March 5th, 2009 at 11:29 am
One thing I noticed as a student was how many people starting out on their own refuse to DEflate their consumption after they move out of their parents’ house. The cost of education has drastically gone up. I went to a state school and got a roommate and didn’t need student loans or credit cards to make it through.
March 5th, 2009 at 11:30 am
This sounds a bit like my story, only without the high salary. The more money I would earn the money I spent. It became a vicious cycle and I ended up spending far more than I was earning. I’m glad that I was able to get my head out of the sand and see what I was doing to myself. I have been working on a turn around and it is taking much longer to get myself out of the hole I dug for myself than it took for me to get in it in the first place.
March 5th, 2009 at 11:55 am
I made the mistake of living off my student loans in college when I could’ve been working. Instead I spent my time hanging out with my friends and playing my playstation 2. Now I’m married, never see those friends, and have to fight with the wife over my playstation time. Not to mention the $17,000 in student loans I accumulated. Wish I’d been smarter back then.
March 5th, 2009 at 11:56 am
Like Holly and EscapeVelocity, I was also a graduate student on little money for a long time, and only got into earning somewhere near six figures in my 40s. That was ok, and I even managed to pay off my student loans and buy a home on a small income. Once the better money kicked in, I put savings (savings account and retirement contributions) on autopilot, and started to spend the rest - on many wishes that had had to wait half a lifetime. Now, with tax rises in my country, and a quite substantive paycut, my take-home pay is substantially reduced, and I am not one bit happy! For example, I will not be able to take a trip with my elderly mother to a place that was important in her childhood, because neither of us has enough money for this.

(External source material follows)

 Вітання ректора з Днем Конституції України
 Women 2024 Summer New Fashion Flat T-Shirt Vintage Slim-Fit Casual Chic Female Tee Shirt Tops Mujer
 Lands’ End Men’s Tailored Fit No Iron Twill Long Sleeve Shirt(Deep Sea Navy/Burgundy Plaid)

That makes me very sad.
I guess what I am trying to say is, in the current economic situation in many countries around the world, lifestyle deflation can pinch you hard even if you have always been responsible and never been a spendthrift, so the usual reasoning about cause and effect may not always apply.

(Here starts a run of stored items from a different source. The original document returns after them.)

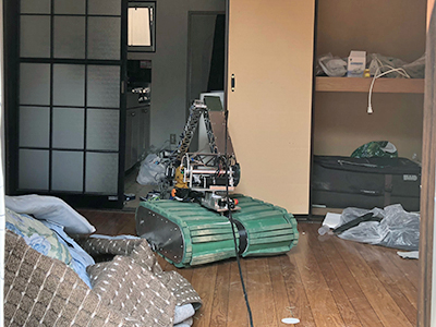 また、FUHGAを前述した全壊家屋と立ち入り禁止となったアパートに投入し、アパートの部屋から住人の貴重品の持ち出しに成功しました。FUHGAは2017、 2018年RoboCup Japan Open レスキューロボット実機リーグで連続優勝、2017年RoboCup世界大会(2018年は不参加)では総合4位およびBest in Class Dexterityを受賞したロボットで、強力で器用なアームが特徴です。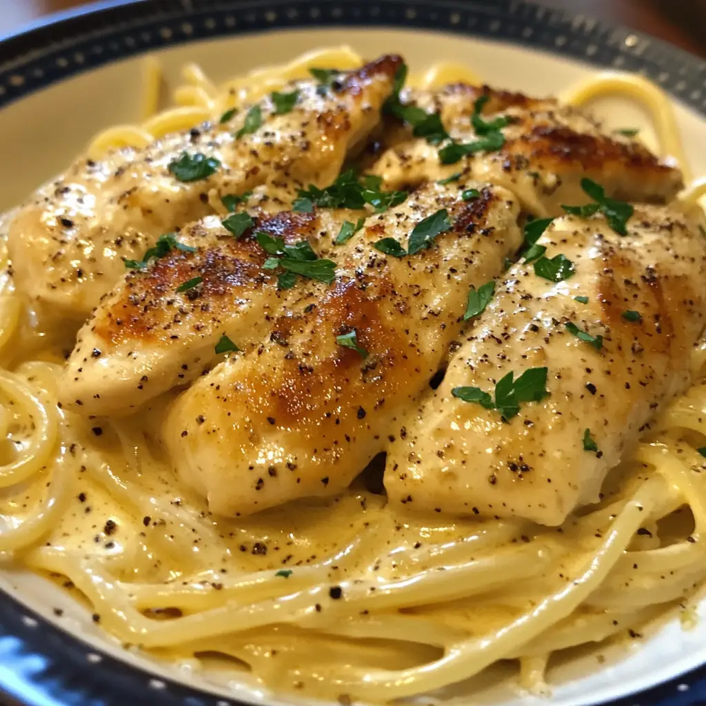 Cooking Cacio E Pepe Chicken is more than just preparing a meal; it’s about creating a moment of joy in your busy life. The creamy sauce and tender chicken come together to form a dish that feels indulgent yet is surprisingly simple to make. Whether you’re sharing it with family or enjoying a quiet dinner alone, each bite is a reminder of the comfort that good food brings. I hope this recipe becomes a staple in your kitchen, just as it has in mine. Embrace the flavors, savor the moments, and enjoy the deliciousness of homemade cooking!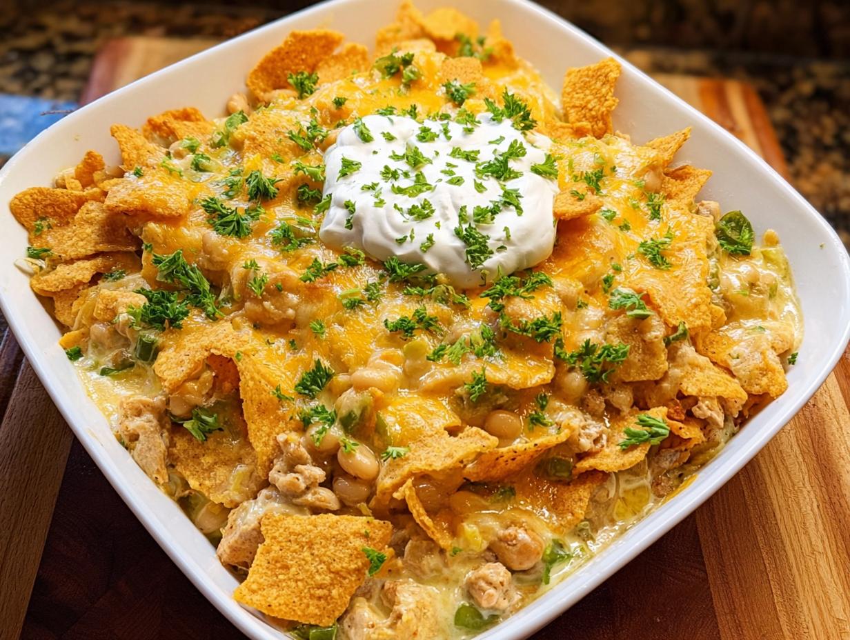 A hearty and flavorful white chili chicken casserole topped with crunchy corn chips and melted cheese.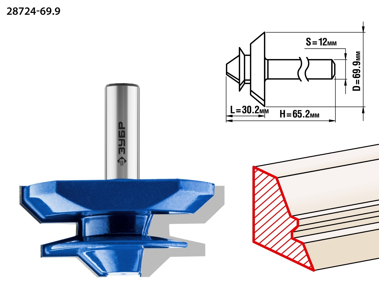 ЗУБР 69.9 x 30 мм, фреза кромочная для углового сращивания, Профессионал (28724-69.9)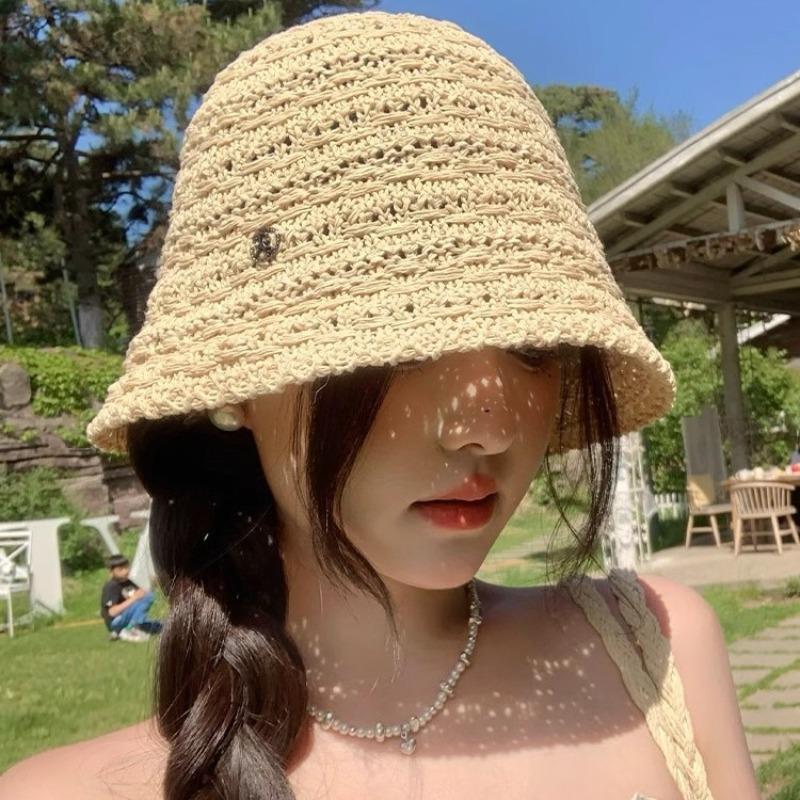 Соломенная шляпа женская новые летние модели показывает лицо маленькая приморская шляпа-ведро солнцезащитная универсальная шляпа-ведро для прогулок шляпа-таз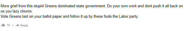 这个愚蠢的绿党主导的州政府会带来更多悲痛。你们这些懒惰的小丑,做好你们自己的工作,不要把一切都推到我们头上。在选票上把绿党放最后一位。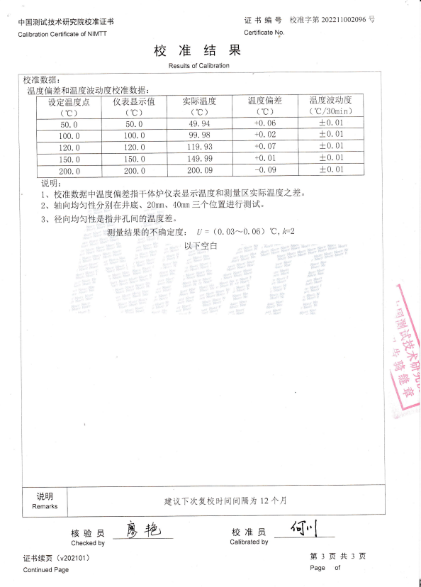 | 上一條:長沙百川超硬材料工具有限公司-熱電偶檢定爐 | 下一條:便攜式干體爐(-30-150℃)校準(zhǔn)證書 |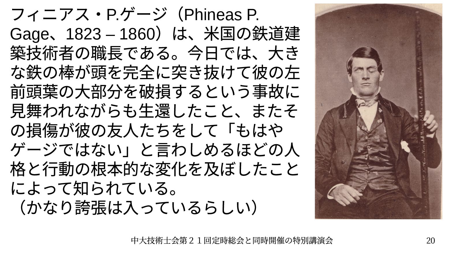 中大技術士会第21回定時総会と同時開催の特別講演会 20 フィニアス・P. ゲージ(Phineas P. Gage 、1823 – 1860 )は、米国の鉄道建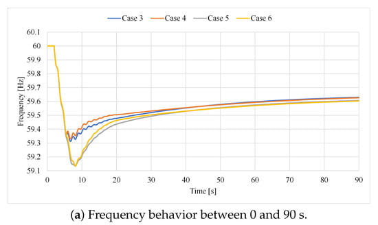 In an electrical system, the frequency reflects the balance between generation and load by showing how the system accelerates or decelerates when faced with imbalances of these two variables. Thus, in the event of a large active power imbalance, caused, for example, by the loss of a generation unit, the frequency should decrease since the system would be overloaded, with loads predominating over generation. When a frequency unbalance occurs, it is usually taken care of instantaneously by the natural inertia of the system, i.e., by releasing or absorbing energy in the rolling masses of the rotating machines. Generator controllers inject more power from reserves. The Automatic Generator Control (AGC) is activated and, finally, the tertiary control is activated [].

At the same time, I applaud all efforts to give children and young people a better financial education than what we had, or didn’t have, in our school days.

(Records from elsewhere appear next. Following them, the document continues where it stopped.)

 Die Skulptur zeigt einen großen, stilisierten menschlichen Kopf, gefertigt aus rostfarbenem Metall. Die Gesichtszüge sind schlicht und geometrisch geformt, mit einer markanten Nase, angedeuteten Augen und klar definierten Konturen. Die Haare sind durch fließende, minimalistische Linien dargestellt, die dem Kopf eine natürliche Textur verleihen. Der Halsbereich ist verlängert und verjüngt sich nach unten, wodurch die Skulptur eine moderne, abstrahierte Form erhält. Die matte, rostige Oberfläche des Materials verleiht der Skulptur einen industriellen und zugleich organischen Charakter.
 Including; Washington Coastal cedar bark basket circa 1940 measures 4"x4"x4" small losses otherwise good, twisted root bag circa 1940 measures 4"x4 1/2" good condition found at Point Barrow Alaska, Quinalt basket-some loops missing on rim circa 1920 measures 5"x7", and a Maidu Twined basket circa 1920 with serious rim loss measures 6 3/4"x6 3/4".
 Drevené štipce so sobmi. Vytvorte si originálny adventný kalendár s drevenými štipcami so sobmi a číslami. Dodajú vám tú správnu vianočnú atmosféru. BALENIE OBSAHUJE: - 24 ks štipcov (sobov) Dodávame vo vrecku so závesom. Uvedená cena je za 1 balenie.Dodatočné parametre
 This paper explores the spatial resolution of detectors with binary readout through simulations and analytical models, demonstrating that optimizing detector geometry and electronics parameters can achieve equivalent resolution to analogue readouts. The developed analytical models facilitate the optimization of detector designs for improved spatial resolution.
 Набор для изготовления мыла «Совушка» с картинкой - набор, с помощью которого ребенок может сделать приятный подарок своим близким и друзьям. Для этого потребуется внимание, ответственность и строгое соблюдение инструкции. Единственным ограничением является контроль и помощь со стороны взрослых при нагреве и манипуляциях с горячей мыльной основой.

March 5th, 2009 at 12:10 pm
Most people make finances too complicated. Lifestyle inflation is fine as long as your finances are simple and under control.
If I were starting out again, or teaching a young student, or what I will teach my kids when they get older is this.
There are two simple rules to follow and finances will never be an issue.
1) Never borrow money for anything.
2) Save 50% of what you make. Forever
There you go. Everything else takes care of itself. No budgeting, no bracket creep, no lifestyle inflation issues, no worries.
No exceptions. Not for education, not for a car, not for a house, no exceptions.
example. Graduat HS at 18. Work your way through college. Graduate at 22. Get a job starting at $50K. Live on 25K (taxes - I know) Each year after that, income increases, so savings increases. After 5 years, at age 27, you have enough cash for a home, car, whatever (150K-180K). By age 30 you are financially independent. No debt. likely $100K + in savings.
You don’t have to worry about monthly bills or budgeting. If you get a raise, you get to spend half of it. If you want to buy something, you actually buy it, instead of borrowing for it.
If you follow these two rules, you don’t have to inflate or deflate anything.
March 5th, 2009 at 12:50 pm
Thoughtful post, and true for me.
I remember when my husband and I were grad students, his adviser told him, people always think they need just a little more than they have. At that point we had no car and lived in an upstairs apartment on the bus line. Doing laundry meant schlepping our duffel bags to the laundromat. We used to think, “If we had just another $300, we’d be OK.”
Fast forward to today. We have everything we need and most of what we want. Our house is paid off, our two ancient cars are paid off, we have retirement savings, college savings for our kid, a nice emergency fund and just a tiny amount of consumer debt. But still we think, “Wouldn’t it be nice to have another $3,000.”
March 5th, 2009 at 1:29 pm
It seems to me that a lot of students seem to graduate from school and expect to start out at the same level that their parents managed to achieve after years of working, and they finance that way of living on credit cards if the money is no longer coming from their parents. It doesn’t occur to them that they should, in fact, be “living like students”.
That was never my problem. I grew up without much and spent most of my life poor - although that was exacerbated by living with a partner who expected me to support him in the style of living to which he wished to become accustomed. I left once I realized I really didn’t want to support an able-bodied adult who was interested neither in working for a living nor taking on the household chores.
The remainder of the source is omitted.